What you need to do:
First find the line with "Sommerhuset er lyst", then reproduce it and all following lines of the data to the end, exactly and with no pictures, adding nothing.

Data block:
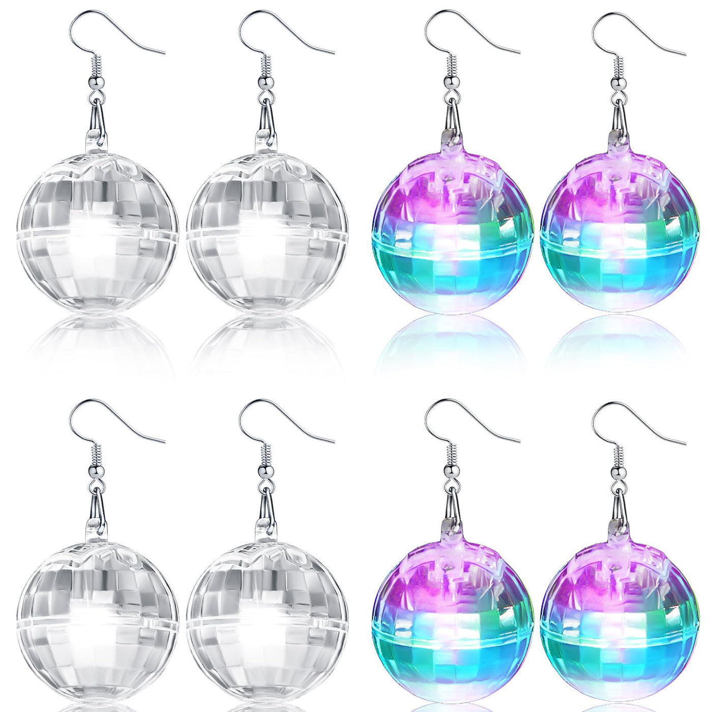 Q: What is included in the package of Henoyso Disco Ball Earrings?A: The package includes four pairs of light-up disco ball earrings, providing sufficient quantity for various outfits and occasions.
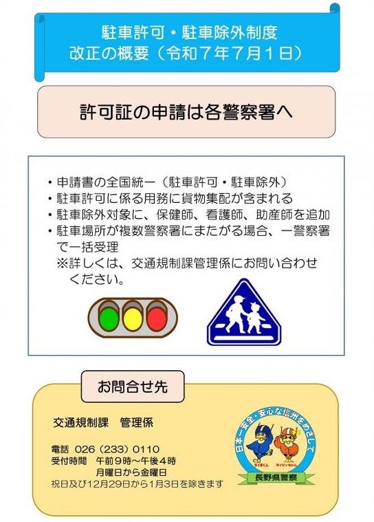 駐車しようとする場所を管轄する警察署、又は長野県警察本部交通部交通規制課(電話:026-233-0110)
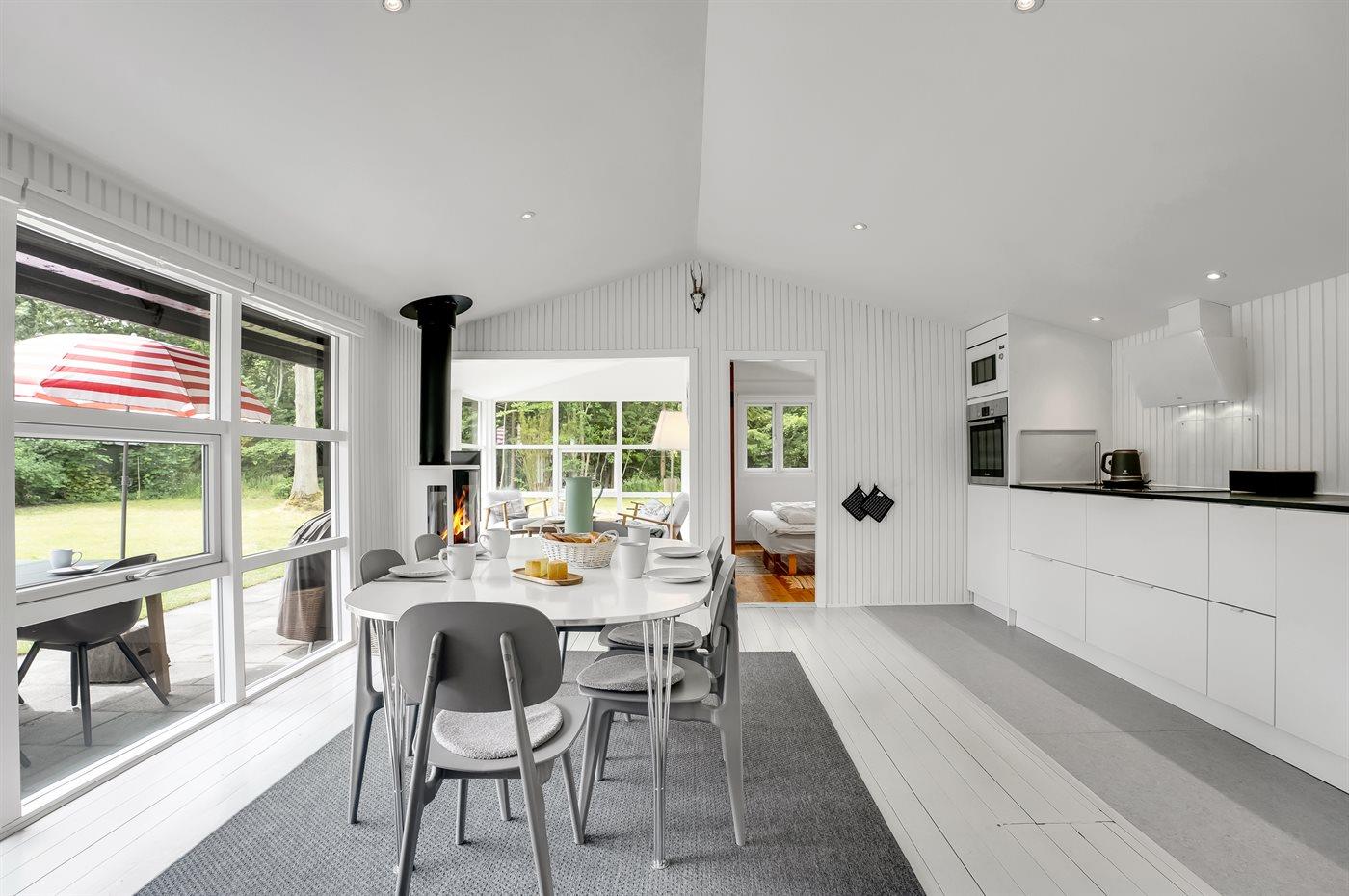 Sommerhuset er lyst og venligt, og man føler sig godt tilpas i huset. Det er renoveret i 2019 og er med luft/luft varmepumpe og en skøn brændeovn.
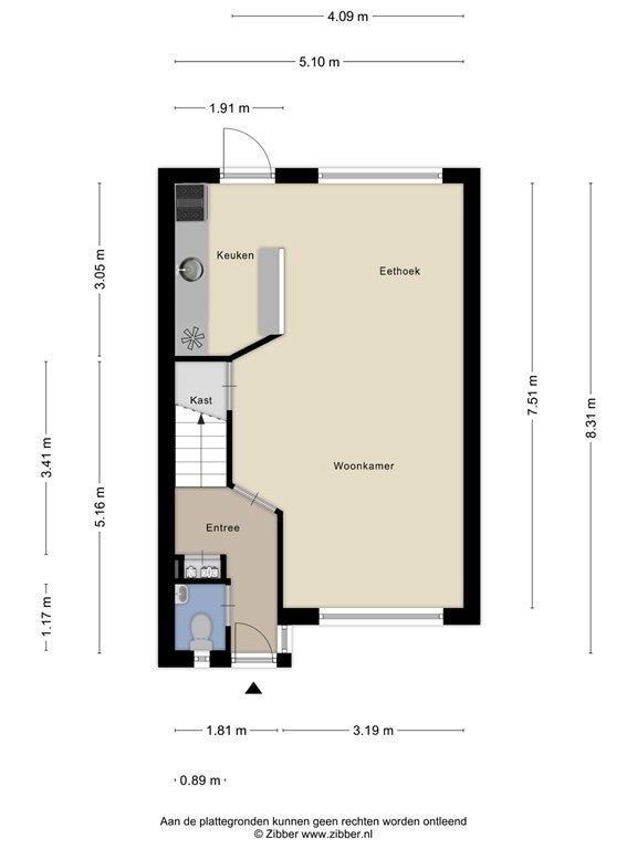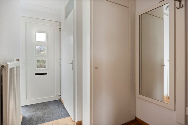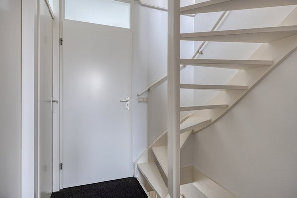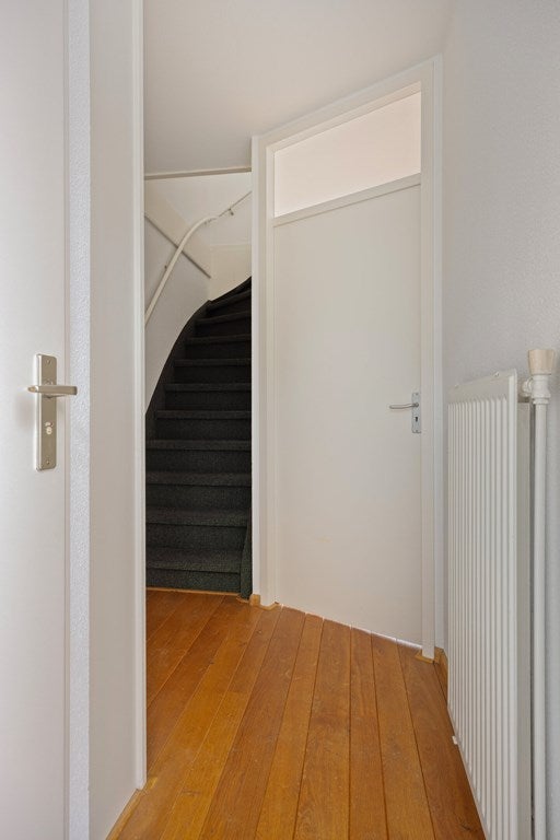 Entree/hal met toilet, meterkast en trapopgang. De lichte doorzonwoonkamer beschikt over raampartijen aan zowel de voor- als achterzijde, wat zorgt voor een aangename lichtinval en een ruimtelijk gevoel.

Solution below:
 Sommerhuset er lyst og venligt, og man føler sig godt tilpas i huset. Det er renoveret i 2019 og er med luft/luft varmepumpe og en skøn brændeovn.
 Entree/hal met toilet, meterkast en trapopgang. De lichte doorzonwoonkamer beschikt over raampartijen aan zowel de voor- als achterzijde, wat zorgt voor een aangename lichtinval en een ruimtelijk gevoel.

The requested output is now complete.